To further verify the native fold of these bacterially expressed fragments, their reactivity with mAbs was investigated. Several of these mAbs bind to epitopes that are fully exposed in isolated β2 subunits but are activation-dependent in αβ complexes (7). To obtain a β2 fragment that was well expressed in mammalian cells in the absence of an associating α subunit, and could be used as a standard in ELISA assays, we deleted the β2 I-like domain (β2ΔI, Materials and Methods).

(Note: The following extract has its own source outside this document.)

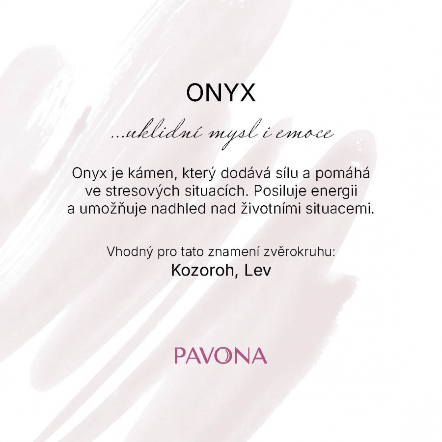 Onyx je od pradávna považovaný za kameň ochrany, odvahy a sebadôvery . Pomáha odstraňovať negatívne energie, posilňuje odhodlanie, koncentráciu a vytrvalosť. Je ideálnym sprievodcom v náročných obdobiach, kedy treba nájsť vnútorný pokoj, stabilitu a silu postaviť sa výzvam. Podporuje uzemnenie, psychickú odolnosť a jasné rozhodovanie.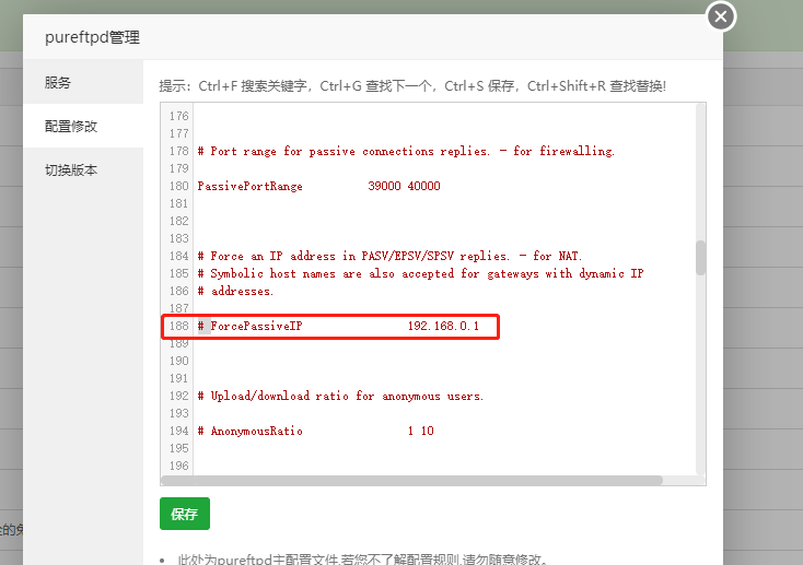 第三步、找到宝塔安装的软件列表,Pure-Ftpd 点击设置配置修改,搜索 ForcePassiveIP 把前面的 # 去掉,然后把后面的 IP更改为 自己服务器IP即可

When adsorbed to microtiter wells, the purified soluble β2ΔI fragment was recognized by all β2 mAbs that have previously been mapped to epitopes outside the I-like domain (7) (Fig. 2A), including 6.7, CBR LFA-1/2, KIM127, KIM185, and MEM48 (Fig. 4). When added as a competitor in solution phase, β2ΔI inhibited binding of all these mAbs at IC50 values of 10–30 nM (Fig. 4). The refolded, bacterially expressed, module 2 + 3 fragment inhibited binding of the KIM127 mAb that maps to module 2, and the CBR LFA-1/2 and MEM48 mAbs that map to module 3, but not mAbs 6.7 and KIM185, which map more N and C terminal, respectively. Remarkably, in molar terms the bacterial module 2 + 3 fragment was essentially as effective as the eukaryotic β2ΔI fragment, suggesting a fully native structure. The module 3 fragment bound 5,000-fold more weakly to MEM48 mAb than the module 2 + 3 fragment and did not detectably bind to CBR LFA-1/2 mAb. These two mAbs recognize species-specific residues in module 3 (7). Our results suggest that interaction between modules 2 and 3 is required for expression of these epitopes, either because of an influence of module 2 on the structure of the epitope in module 3, or because the epitope includes species-common residues in module 2.

Figure 4.

Figure 4

Reactivity of refolded modules with β2 mAbs. Binding of antibodies to β2ΔI was determined in the presence of increasing concentrations of module 3 (▴, thin line), modules 2 + 3 (○, dashed line), or β2ΔI (●, thick line) as competitors. Values are the percentage of the binding in absence of any competitor. Data are from one representative of three independent experiments.

Discussion

Questions of importance in integrins are the structural basis of conformational changes that regulate ligand binding in the headpiece and signaling in the cytoplasm and the linkages between domains that permit signals to be relayed over distances that are quite large relative to other signaling proteins. Answers to these questions depend on defining the structure and function of the smallest structural units, or modules of integrins, and how these modules work together. The cysteine-rich region of the β subunit is of major importance in signal transmission, as evidenced by the large number of activation-associated epitopes and mutations that map to this region.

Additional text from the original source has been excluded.